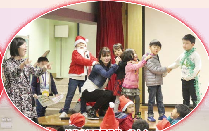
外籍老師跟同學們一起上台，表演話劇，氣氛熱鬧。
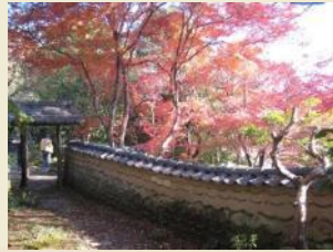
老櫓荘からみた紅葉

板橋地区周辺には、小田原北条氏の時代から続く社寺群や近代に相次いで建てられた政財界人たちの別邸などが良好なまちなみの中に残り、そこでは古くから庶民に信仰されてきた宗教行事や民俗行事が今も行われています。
++++++++
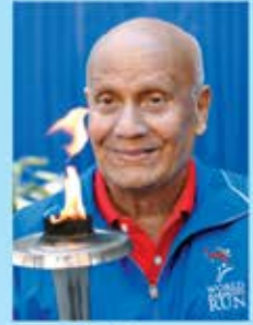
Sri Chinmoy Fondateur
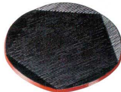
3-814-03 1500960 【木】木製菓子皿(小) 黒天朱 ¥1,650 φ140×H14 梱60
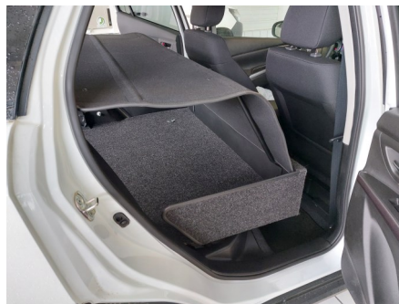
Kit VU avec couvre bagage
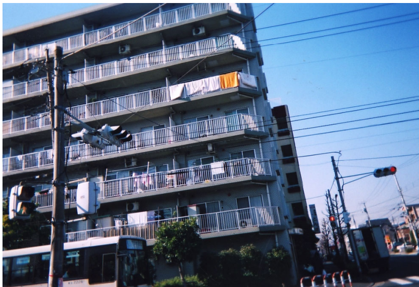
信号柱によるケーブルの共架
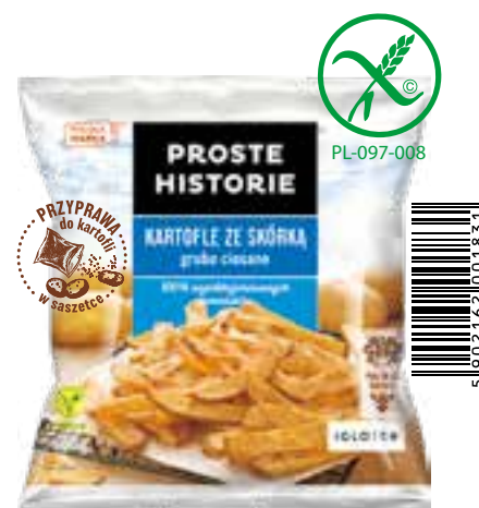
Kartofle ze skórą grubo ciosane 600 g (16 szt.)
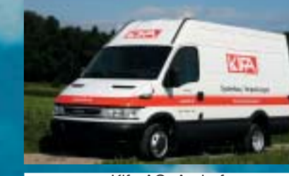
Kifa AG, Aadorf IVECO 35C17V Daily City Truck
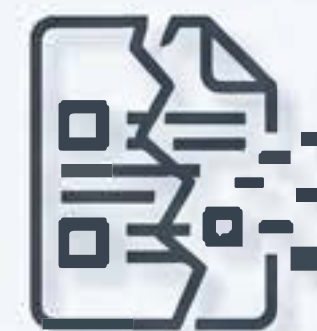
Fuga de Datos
++++++++
- **PROBLEM TO SOLVE**:
Copy word for word the lines of the records above from the one with "外籍老師跟同學們一起上台，表演話劇，氣氛熱鬧。" up to and including the one with "板橋地区周辺には、小田原北条". Skip the pictures.

- **ANSWER FOR THIS EXERCISE**:
外籍老師跟同學們一起上台，表演話劇，氣氛熱鬧。
老櫓荘からみた紅葉

板橋地区周辺には、小田原北条氏の時代から続く社寺群や近代に相次いで建てられた政財界人たちの別邸などが良好なまちなみの中に残り、そこでは古くから庶民に信仰されてきた宗教行事や民俗行事が今も行われています。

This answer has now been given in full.